__Your task__
Stop after the line that contains "Cimetière écologique anglais.". Until then, retype each line of the entries exactly from the first one, skipping pictures.

__Records to use__
┏━━

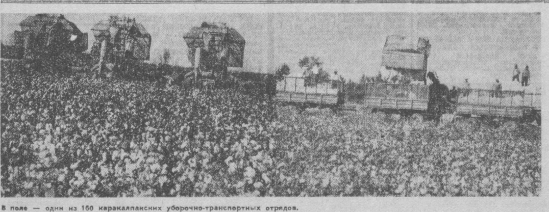
В поле — один из 160 каракалпакских уборочно-транспортных отрядов.

В успех страды вносит свой вклад каждый труженник района и в первую очередь коммунисты. А они у нас работают на главных участках сельскохозяйственного производства. Среди тысячи коммунистов в ленинском механизаторов почти сто пятьдесят коммунистов. Среди специалистов сельского хозяйства их еще больше. 333 человека из 1.771. Они сами показывают пример и ведут за собой лаву. Слово всегда отзывается делом, если это партийное, партийное слово.
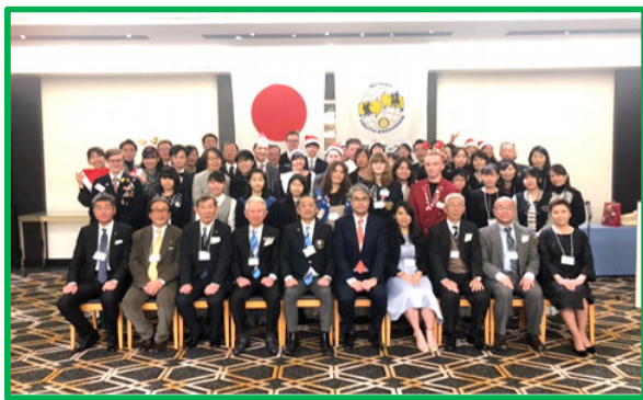
ロータリー クリスマスパーティー
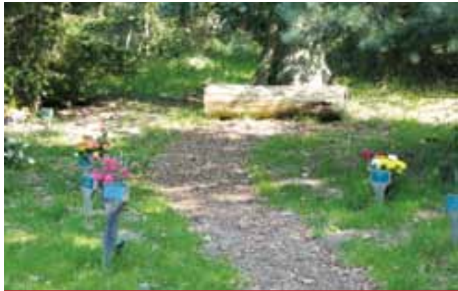
Cimetière écologique anglais. Les emplacements des tombes sont indiqués avec des « marque-place » en granit qui remplacent les pierres tombales. Les sentiers boisés conduisent les visiteurs d'un emplacement à l'autre.

Si la coopération entre les membres permet de grandes choses, imaginez lorsque cette coopération s'incarne entre les coopératives : on assiste alors au déploiement de toutes nos forces.
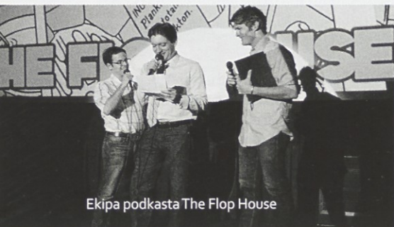
Ekipo podkasta The Flop House
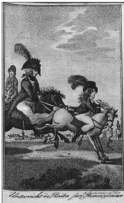
Obrázek č. 2 A01 Almanach und Taschenbuch...
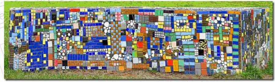
8. Bank, mozaïek wordt gemaakt door de kinderen
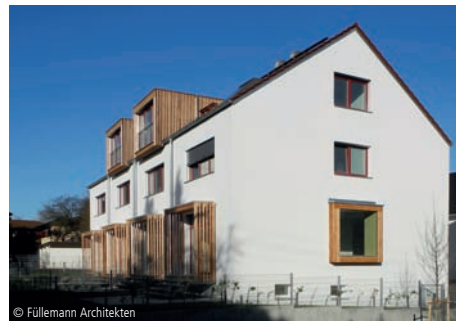
6100-1255 Reihenhäuser (4 WE) Seite 464
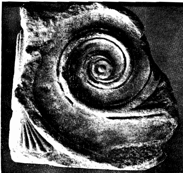
β. Γωνιακὸ ἀκρομήριον στὸ Μουσεῖο τοῦ Βερολίνου. (Φωτογραφία τοῦ ΡΜ. ἀριθ. 6830)
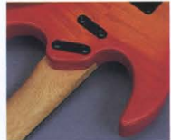
Super Play Ability Joint System

スタンダードカラー・モデル (BL, WH) にはソリッド・バースツッドを、ニューズペシャルカラー・モデル (PRS, NBS) にはエキゾチックウッドバースツッドをそれぞれ採用。RGX-600、500シリーズともメイプルネックと抜群のコンビネーションをみせ、このクラス随一の鳴りを響かせます。ジョイントはもちろん、スーパーブレイクアビリティジョイントシステム、かつてない軽快なハーフレフトプレイを可能にしています。さらに、ダブルカッタウェイ部のポディットを大幅にカットしたデザインがバイポジション部での高域のブレイクアビリティを獲得。まさに、ヤマハならではのオリジナルシェイプで採用 (RGX-1200、800、600の全モデルに採用)。
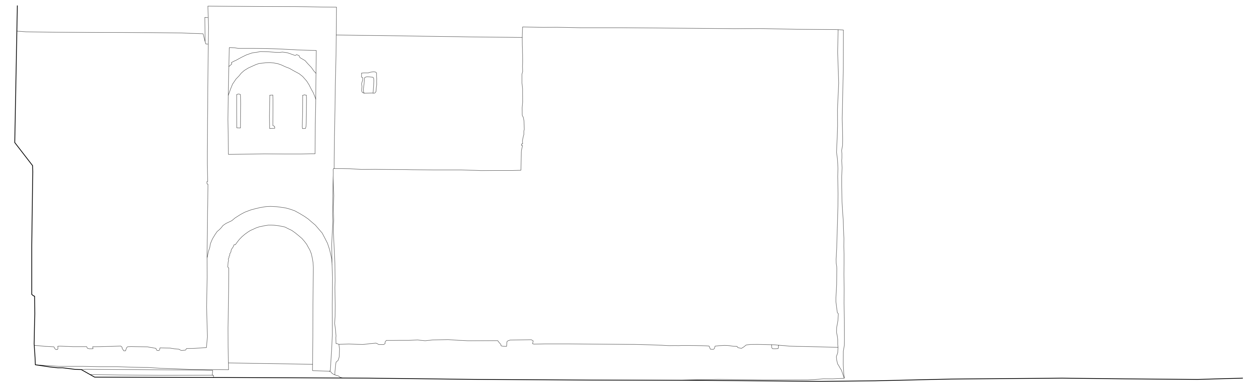
ALZADO EXTERIOR 0 5 10 m JEREZ DE LA FRONTERA (Cádiz) . ALCÁZAR. PUERTA DE LA CIUDAD A. ALMAGRO (ING. ARQUIT.) JULIO 2022
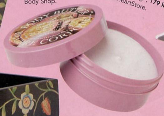
Passion fruit butter, 155 kr, Body Shop.
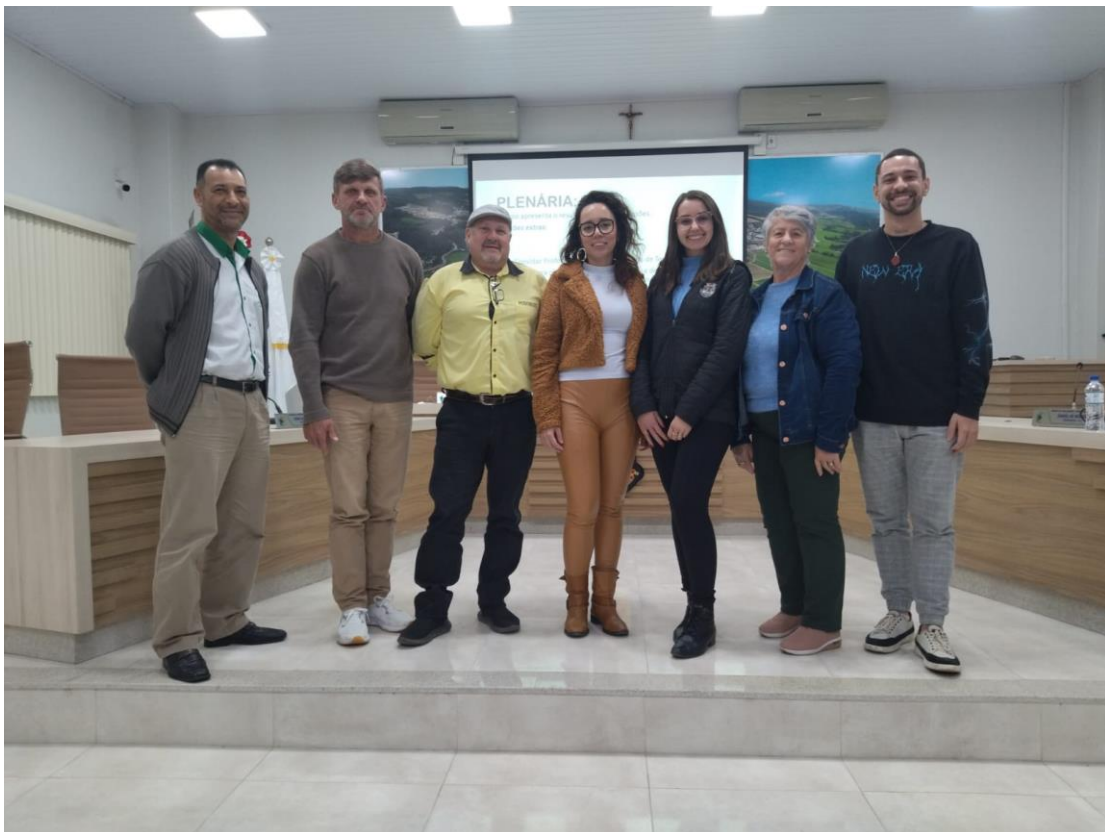
-Novos Conselheiros e Conselheiras de Cultura

┗━━

__Response to the exercise__
В поле — один из 160 каракалпакских уборочно-транспортных отрядов.

В успех страды вносит свой вклад каждый труженник района и в первую очередь коммунисты. А они у нас работают на главных участках сельскохозяйственного производства. Среди тысячи коммунистов в ленинском механизаторов почти сто пятьдесят коммунистов. Среди специалистов сельского хозяйства их еще больше. 333 человека из 1.771. Они сами показывают пример и ведут за собой лаву. Слово всегда отзывается делом, если это партийное, партийное слово.
ロータリー クリスマスパーティー
Cimetière écologique anglais. Les emplacements des tombes sont indiqués avec des « marque-place » en granit qui remplacent les pierres tombales. Les sentiers boisés conduisent les visiteurs d'un emplacement à l'autre.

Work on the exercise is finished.